D. Remedies in Bankruptcy for Mismanagement by Directors of a Debtor-in-Possession
Even so, there is an even more compelling reason why the State Suit should be prevented from going forward. As discussed above, the Bankruptcy Code provides for a supplemental scheme of governance over the estate during the period of reorganization. For example, the Code details authorization procedures for certain high risk transactions. See, e.g., 11 U.S.C. § 363 (use, sale, or lease of estate property), § 364 (obtaining credit post-petition). In addition, it provides all creditors and interest holders who will be impaired under the ultimate plan of reorganization with a right to vote on its acceptance or rejection. Id. §§ 1124, 1126.
More importantly, and in the context of this lawsuit, the Code provides creditors and equity holders with specific remedies in the event of director malfeasance during the course of bankruptcy. Shareholders may seek to replace the Debtor-in-Possession with an independent trustee or examiner. Id. § 1104. Much like a derivative suit, creditors' and equity holders' committees may obtain standing to pursue a cause of action for breach of fiduciary duty on behalf of a debtor where a colorable claim exists which the debtor has refused to assert.

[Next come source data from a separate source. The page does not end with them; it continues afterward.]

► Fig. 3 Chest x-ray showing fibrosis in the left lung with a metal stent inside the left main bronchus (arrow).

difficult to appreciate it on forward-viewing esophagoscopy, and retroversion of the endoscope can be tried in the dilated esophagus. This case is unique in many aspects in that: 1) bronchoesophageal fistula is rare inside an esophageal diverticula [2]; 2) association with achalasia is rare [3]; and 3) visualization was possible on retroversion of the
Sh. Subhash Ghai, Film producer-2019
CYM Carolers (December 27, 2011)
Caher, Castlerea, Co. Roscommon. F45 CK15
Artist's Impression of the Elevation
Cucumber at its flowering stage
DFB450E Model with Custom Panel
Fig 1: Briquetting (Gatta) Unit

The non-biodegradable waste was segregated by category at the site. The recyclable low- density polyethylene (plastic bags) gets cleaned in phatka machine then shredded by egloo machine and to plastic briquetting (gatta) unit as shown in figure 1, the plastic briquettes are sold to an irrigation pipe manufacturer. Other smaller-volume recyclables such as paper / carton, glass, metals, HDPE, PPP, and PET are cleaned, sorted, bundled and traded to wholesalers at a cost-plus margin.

See Louisiana World Exposition, 858 F.2d at 247; E.F. Hutton, 103 B.R. at 813. Shareholders may also seek subordination of a director's claim against the estate. 11 U.S.C. § 510(c). Where matters appear incapable of remedy under Chapter 11, conversion to Chapter 7 liquidation is a possibility. Id. § 1112(b). Finally, shareholders may object to confirmation of the plan of reorganization on the basis of improper dilution of shareholder voting power, entrenchment and/or improper enrichment of the debtor's directors. See id. § 1129(a)(3), (b). Consequently, while state law standards continue to apply to post-petition fiduciary obligations, the rights and remedies of aggrieved shareholders and creditors during the post-petition/pre-confirmation period are regulated by the Bankruptcy Code which controls state law pursuant to the Supremacy Clause of the United States Constitution. U.S. Const. art. VI.

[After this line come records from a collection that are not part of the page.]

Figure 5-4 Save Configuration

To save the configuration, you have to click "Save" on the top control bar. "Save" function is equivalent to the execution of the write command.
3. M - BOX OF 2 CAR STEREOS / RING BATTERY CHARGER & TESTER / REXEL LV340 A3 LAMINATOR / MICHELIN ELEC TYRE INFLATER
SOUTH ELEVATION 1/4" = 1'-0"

Congress intended to set in place a complete scheme for successful reorganization. To allow state law to control governance of a Chapter 11 debtor during this time frame would be to enable disgruntled shareholders to delay, and possibly short-circuit, the reorganization policy set forth in the Bankruptcy Code. No equity holders' committee sought the appointment of a trustee in the NCS bankruptcy; nor did one seek conversion of the case. Furthermore, it does not appear that a demand was ever levied upon NCS, as Debtor-in-Possession, to pursue a cause of action against the Directors for breach of fiduciary duties. Finally, and most significantly, while it appears that the Defendants may have been part of an unofficial committee which objected to the plan, the order of confirmation was never appealed by anyone. The order is final and res judicata shall apply. Consequently, the State Suit is an improper attempt to interfere with the confirmation order, reorganization process and plan of reorganization, and should be precluded from going forward as a matter of law.
V. ORDER
Accordingly, the Plaintiff's motion for summary judgment shall be GRANTED. Furthermore, the foregoing shall supplement this Court's Order of Summary Judgment signed October 29, 1993.